TASK DIRECTIONS: In the listing, locate the line containing "SHEER BOAT NECK TOP_DUST BLUE", then quote it and all following lines exactly. Omit pictures.

SUPPLIED DATA:
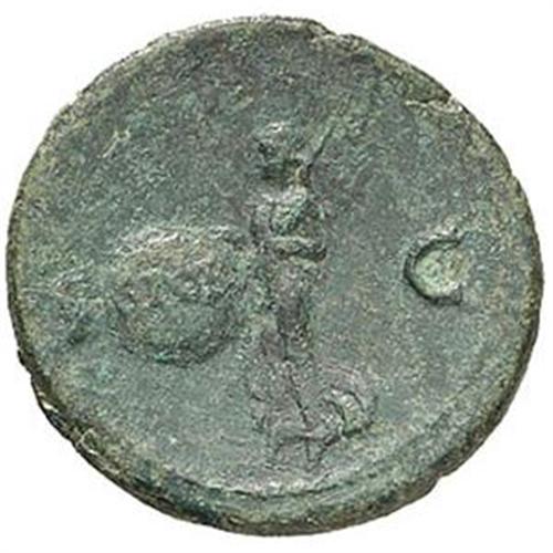 Nerone (54-68). Asse. D/ Testa laureata a destra. R/ SC. La Vittoria incede a sinistra recando uno scudo rotondo con iscrizione SPQR. RIC 312. gr. 9.93 AE. Bel BB+. Patina verde oliva.
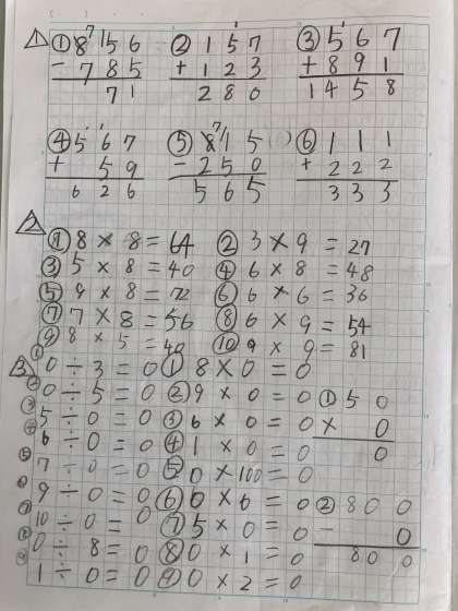 今日は、自主学習についてお話します。今3年生では自主学習に取り組んでいます。3年生でもここまでノートにまとめたり、びっしり計算練習をしたりできるんだと感心しました。今日はそのノートを紹介します。
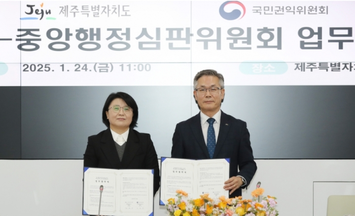 ❑ 제주특별자치도 행정심판위원회(위원장 진명기 제주도 행정부지사, 이하 ‘제주행심위’)는 24일 국민권익위원회 소속 중앙행정심판위원회(위원장 조소영 국민권익위원회 부위원장, 이하 ‘중앙행심위’)와 도청 한라홀에서 제주도민 권익 증진을 위한 업무협약을 체결했다.
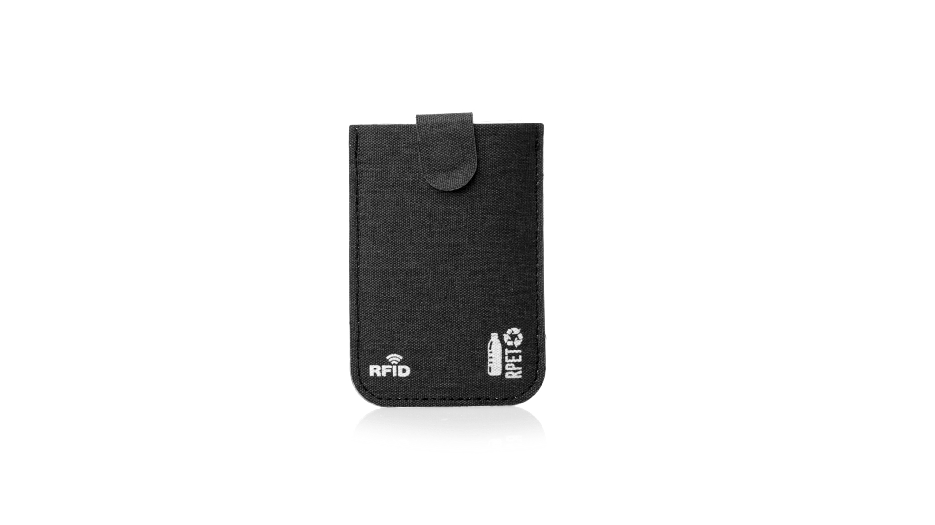 Elegant wallet and card holder made of RPET polyester with black finish. With magnet closure and capacity for 5 cards. Release mechanism by pulling the closure strap. RFID (Radio Frequency Identification) security technology that keeps card data safe. With the distinctive of RPET and RIFD outside.RPET material is made from recycled plastic, to encourage the reuse of plastic waste and help the sustainability of the planet.
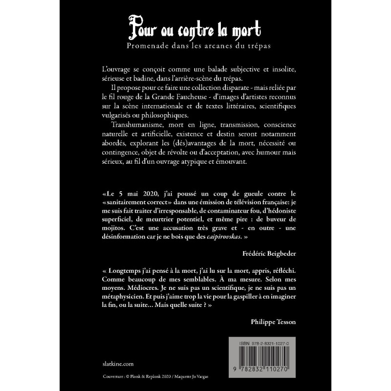L’ouvrage se conçoit comme une balade subjective et insolite, sérieuse et badine, dans l’arrière-scène du trépas.
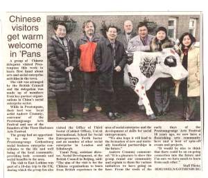 Andrew Crummy, second from left, once again welcomed a professional group to The Prestoungrange Gothenburg on Tuesday February 2nd. The British Council had asked the Arts Festival to share its goals and development over the past decade with a team visiting the UK from China. Each of the visitors has social enterprise responsibilities back home there.
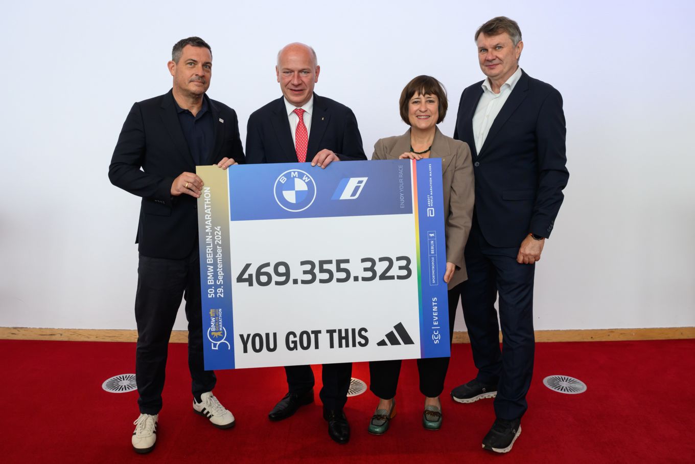 Jürgen Lock, Geschäftsführer von SCC Events; der Regierende Bürgermeister von Berlin, Kai Wegner; die Staatssekretärin Franziska Becker und Burkhard Kieker, Geschäftsführer von visitBerlin präsentierten bei einer Pressekonferenz die Zahl von fast einer halben Milliarde Euro, die der Berlin-Marathon in die Hauptstadt bringt.
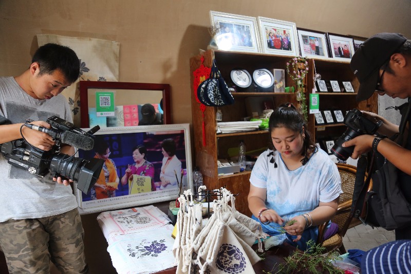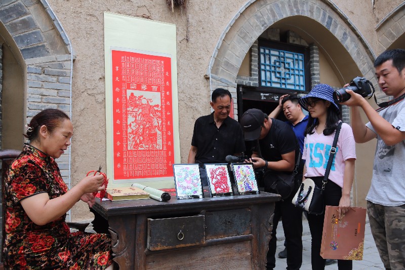张珏一行首先来到陕州地坑院剪纸院和捶草印花院,观看了特色艺术表演。剪纸艺人黄亮娥边唱边剪、生动有趣的表演吸引了记者们,他们抓拍下许多精彩的镜头。在捶草印花院内,随着棒槌声的高低起伏,一幅精美的捶草印花作品呈现在记者眼前,他们拍摄了许多精彩画面。
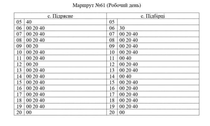Автобус №61 курсуватиме з с.Підрясне через с.Рясне-Руське, Рясне, вул.Шевченка, центральну частину Львова, вул.Личаківську, вул.Тракт Глинянський і до с.Підбірці.
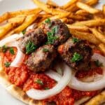 Ćevapi are flavorful Balkan grilled sausages made with a blend of ground beef and lamb, seasoned simply to highlight the meat’s natural taste. Perfect for summer barbecues or casual meals, they pair wonderfully with warm flatbreads and tangy ajvar relish.
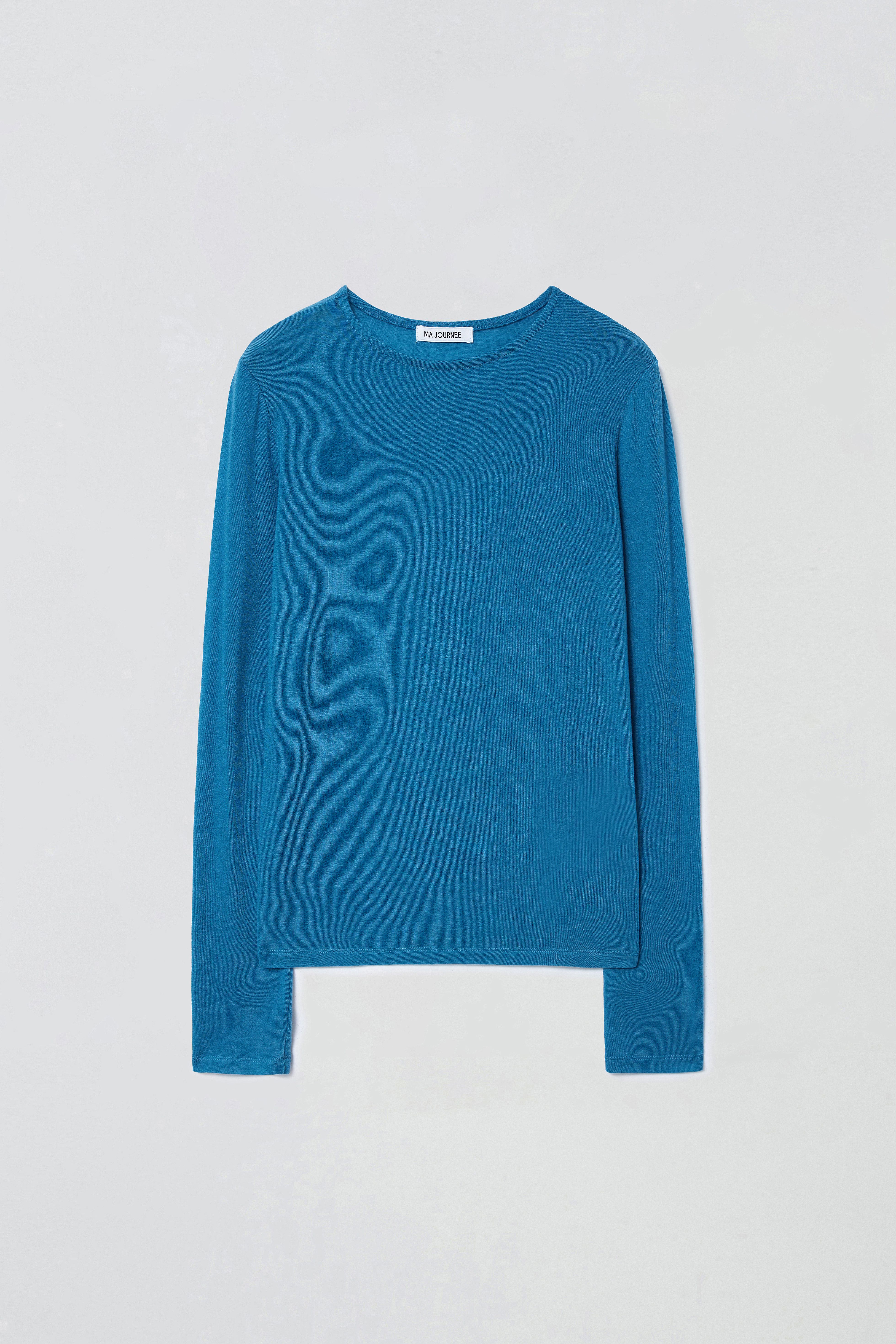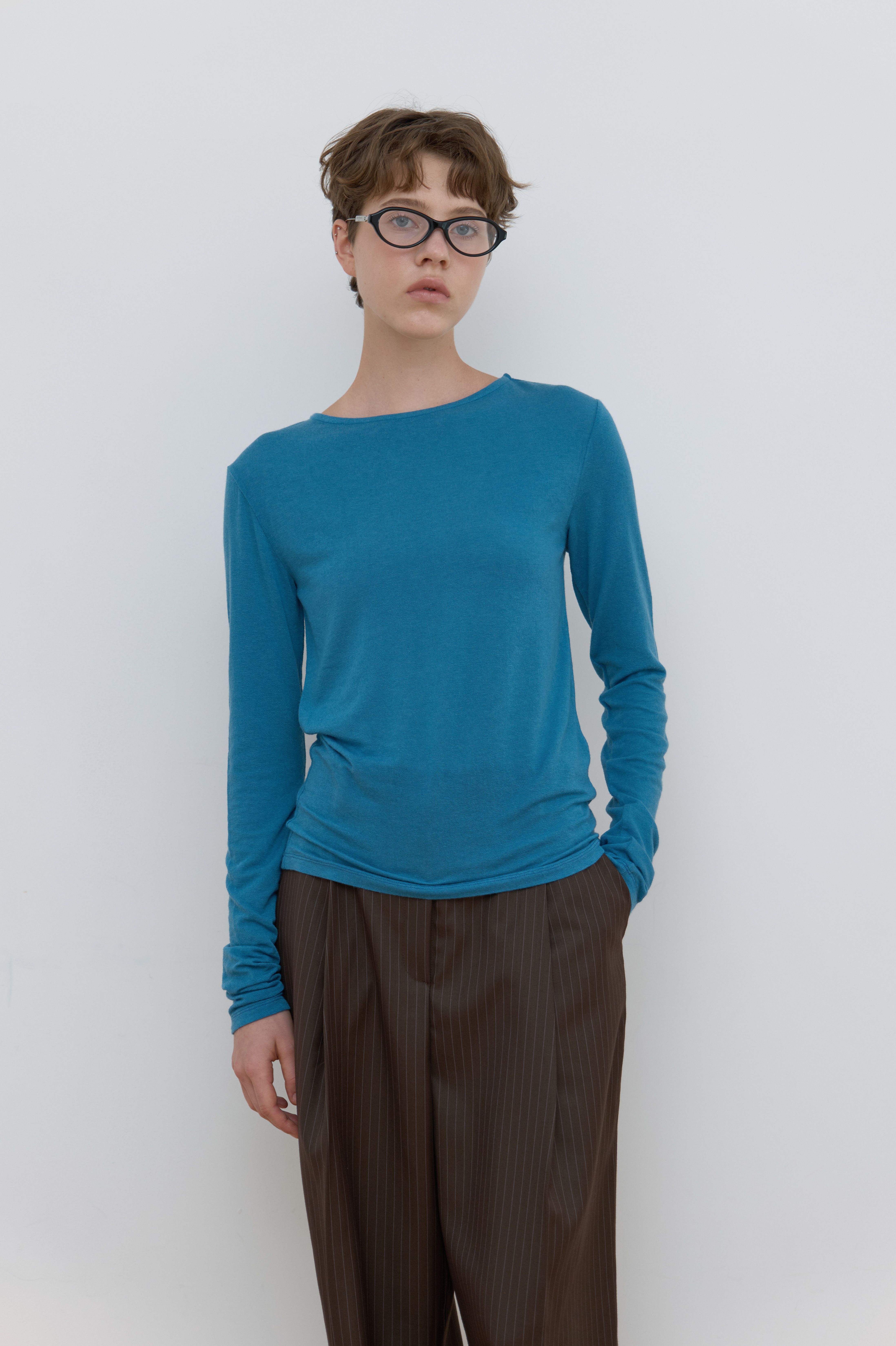 SHEER BOAT NECK TOP_DUST BLUE
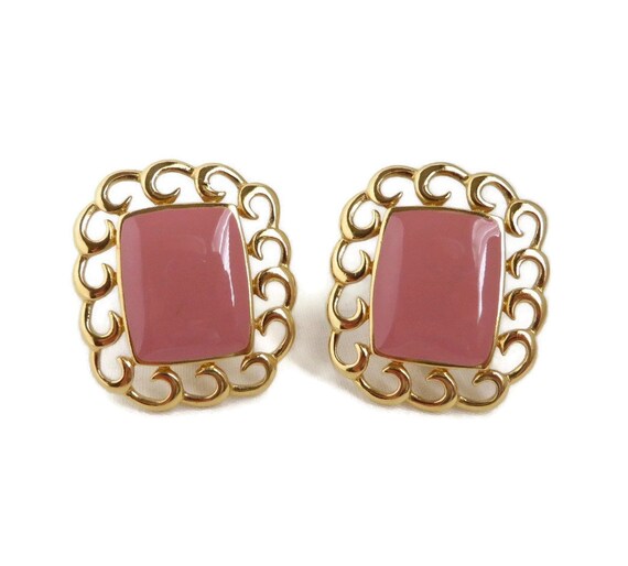 Monet Pink Gold Tone Earrings, Vintage 1970s Dusty Rose Clip-on Earrings by LeesVintageJewels
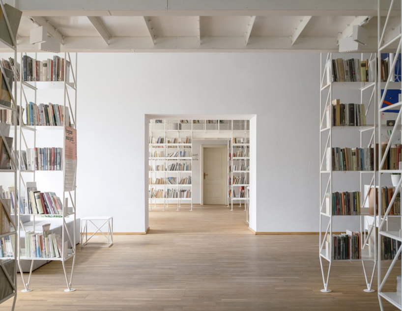 The post suspended steel shelving forms permeable curtain within revitalized historic slovak library appeared first on designboom | architecture & design magazine.
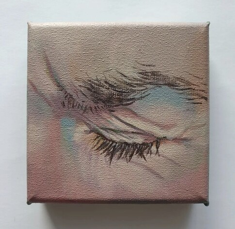 Goedemorgen. Deconstructed portrait of the artist nr. 4. Acrylverf op canvas, 10 x 10 cm: โฌ 150,-

ANSWER SECTION:
 SHEER BOAT NECK TOP_DUST BLUE
 Monet Pink Gold Tone Earrings, Vintage 1970s Dusty Rose Clip-on Earrings by LeesVintageJewels
 The post suspended steel shelving forms permeable curtain within revitalized historic slovak library appeared first on designboom | architecture & design magazine.
 Goedemorgen. Deconstructed portrait of the artist nr. 4. Acrylverf op canvas, 10 x 10 cm: โฌ 150,-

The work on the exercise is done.